Client¶
The ApiClient object¶
The Python client acts as an interface that communicates with the avatarization engine. For more information about the concepts and avatarization, checkout our main docs.
The Manager
is the main interfaces that you should use.
You’ll instantiate it, and authenticate using the credentials to the engine.
The Runner
contains the main functionality for your anonymization. Use avatars.manager.Manager.create_runner()
to create a runner.
Methods¶
Here below are the methods provided that communicate with the engine. The API they expose uses pydantic objects to help you pass in the correct arguments to the methods.

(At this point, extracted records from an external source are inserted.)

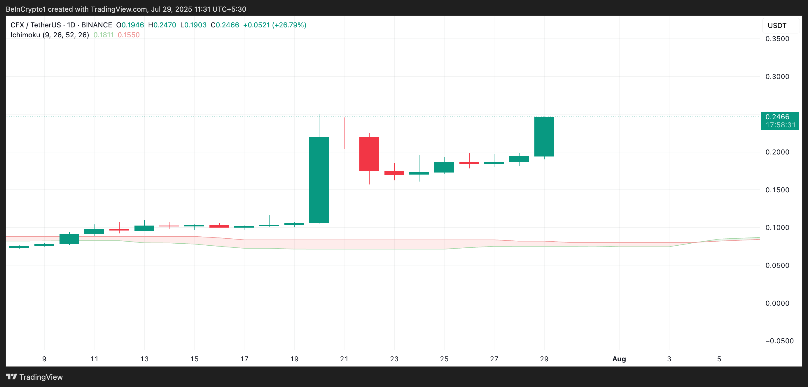 Kundalik grafikda CFX «Ichimoku Cloud» (indikator) ning A va B yetakchi chiziqlaridan ancha yuqorida savdo qilmoqda. Bu token egalari orasida ijobiy hissiyotlarni aks ettiradi. Ushbu chiziqlar hozirda CFX narxidan pastda, mos ravishda $0.1811 va $0.1550 da dinamik qo’llab-quvvatlash darajalarini hosil qilmoqda.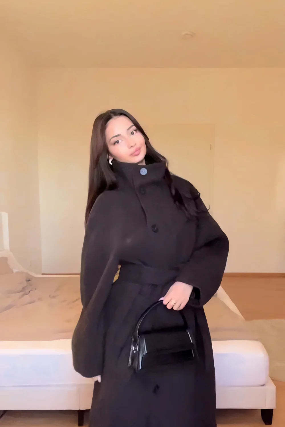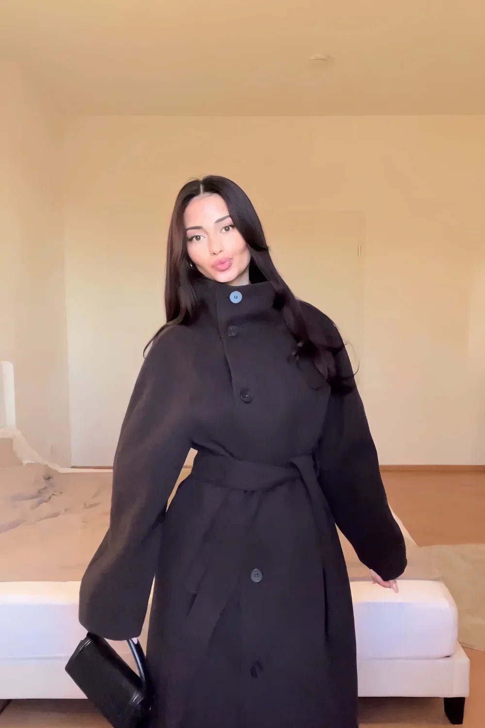 features a sculptural high neckline, refined button closure, and a self-tie belt that elegantly defines the waist.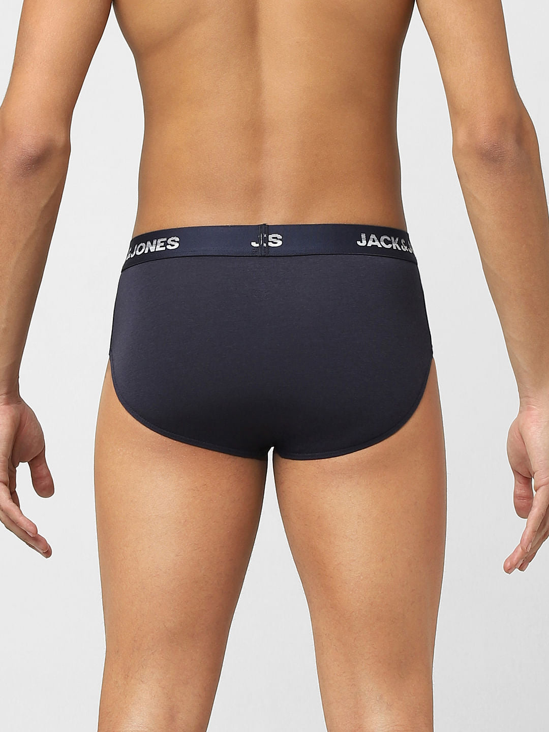Men's navy blue briefs made from bamboo viscose fabric. Features logo branding on the waistband.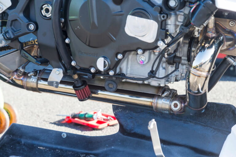 TRICKSTAR 的技師中村公治緊急調整了排氣管與洩壓系統,將壓力更均勻地釋放出去,同時更換了大一點的 44T 後齒盤,以便更好地檢測引擎的負載。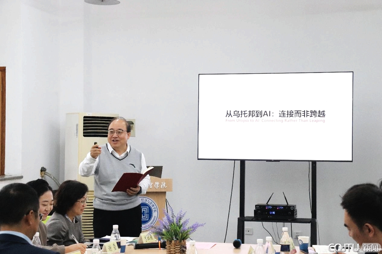 “高度自主、能够迭代优化和独立运作的AI Agent好比数字员工,预示着一个全新的生产力时代的来临”“科学技术是社会进步的关键因素……”一句句经典语句不断引起大家的共鸣和深度思考。10月17日下午,阵阵掌声和欢笑声不时从经管学院青椒工作室内传来,原来这里在举办一场别开生面的读书分享会。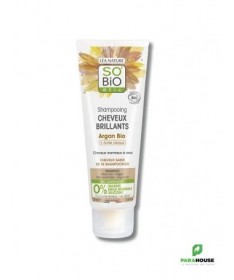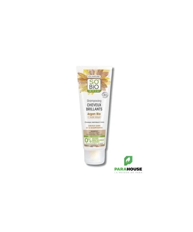 SO'BIO ÉTIC SHAMPOOING CHEVEUX BRILLANTS ARGAN 250MLOffrez à vos cheveux un véritable bain de lumière !Enrichi en huile d’argan bio et acide oléique, ce shampooing nourrit en profondeur les cheveux normaux à secs, même les plus ternes. Résultat : des cheveux plus souples, éclatants et brillants comme de la soie.- Nourrit intensément- Rend les cheveux brillants et souples- Cheveux visiblement plus sains en 10 shampooings- Sans sulfate**, sans paraben, sans siliconeConseils d'utilisationAppliquer sur cheveux mouillés, faire mousser en massant le cuir chevelu, puis rincer soigneusement. Pour un résultat optimal, compléter avec l’après-shampooing Cheveux Brillants SO’BiO étic®.Précautions :Ne pas avaler. Éviter le contact avec les yeux. Tenir hors de portée des enfants. Ne pas jeter dans la nature.CompositionAqua/Water/Eau, Decyl Glucoside, Cocamidopropyl Betaine, Cocos Nucifera (Coconut) Oil*, Glyceryl Stearate, Sodium Cocoyl Glutamate, Argania Spinosa Kernel Oil*, Benzyl Alcohol, Xanthan Gum, Sodium Chloride, Olea Europaea (Olive Fruit) Oil*, Lactic Acid, Glycerin, Guar Hydroxypropyltrimonium Chloride, Parfum (Fragrance), Aloe Barbadensis Leaf Juice Powder*, Linalool, Limonene, Caesalpina Spinosa Gum, Tocopherol, Potassium Sorbate, Sodium Benzoate, Helianthus Annuus (Sunflower) Seed Oil, Sodium Hydroxide*Ingrédients issus de l’agriculture biologique**Sans tensioactifs sulfatés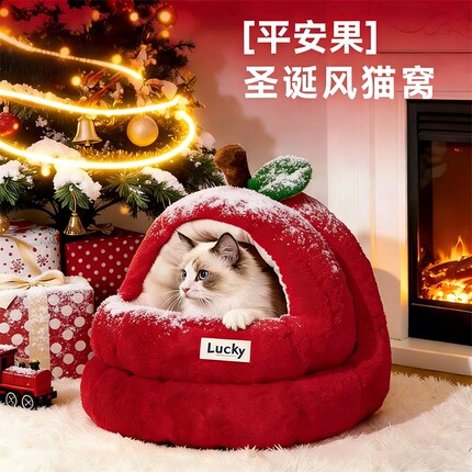 圣诞苹果冬季保暖猫窝半封闭蒙古包冬天狗窝中大尺寸安全感宠物窝

- class avatars.runner.Results(*values)¶
- ADVICE = 'advice'¶
- SHUFFLED = 'shuffled'¶
- UNSHUFFLED = 'unshuffled'¶
- PRIVACY_METRICS = 'privacy_metrics'¶
- SIGNAL_METRICS = 'signal_metrics'¶
- REPORT_IMAGES = 'report_images'¶
- PROJECTIONS_ORIGINAL = 'projections-original'¶
- PROJECTIONS_AVATARS = 'projections-avatars'¶
- METADATA = 'run_metadata'¶
- REPORT = 'report'¶
- META_METRICS = 'meta_metrics'¶
- class avatars.runner.Runner(api_client: ApiClient, set_name: str, seed: int | None = None)¶
- add_table(table_name: str, data: str | DataFrame, primary_key: str | None = None, foreign_keys: list | None = None, time_series_time: str | None = None, types: dict[str, ColumnType] = {}, individual_level: bool | None = None, avatar_data: str | None = None)¶
Add a table to the config and upload the data in the server.
- Parameters:
table_name – The name of the table.
data – The data to add to the table. Can be a path to a file or a pandas DataFrame.
primary_key – The primary key of the table.
foreign_keys – Foreign keys of the table.
time_series_time – name of the time column in the table (time series case).
types – A dictionary of column types with the column name as the key and the type as the value.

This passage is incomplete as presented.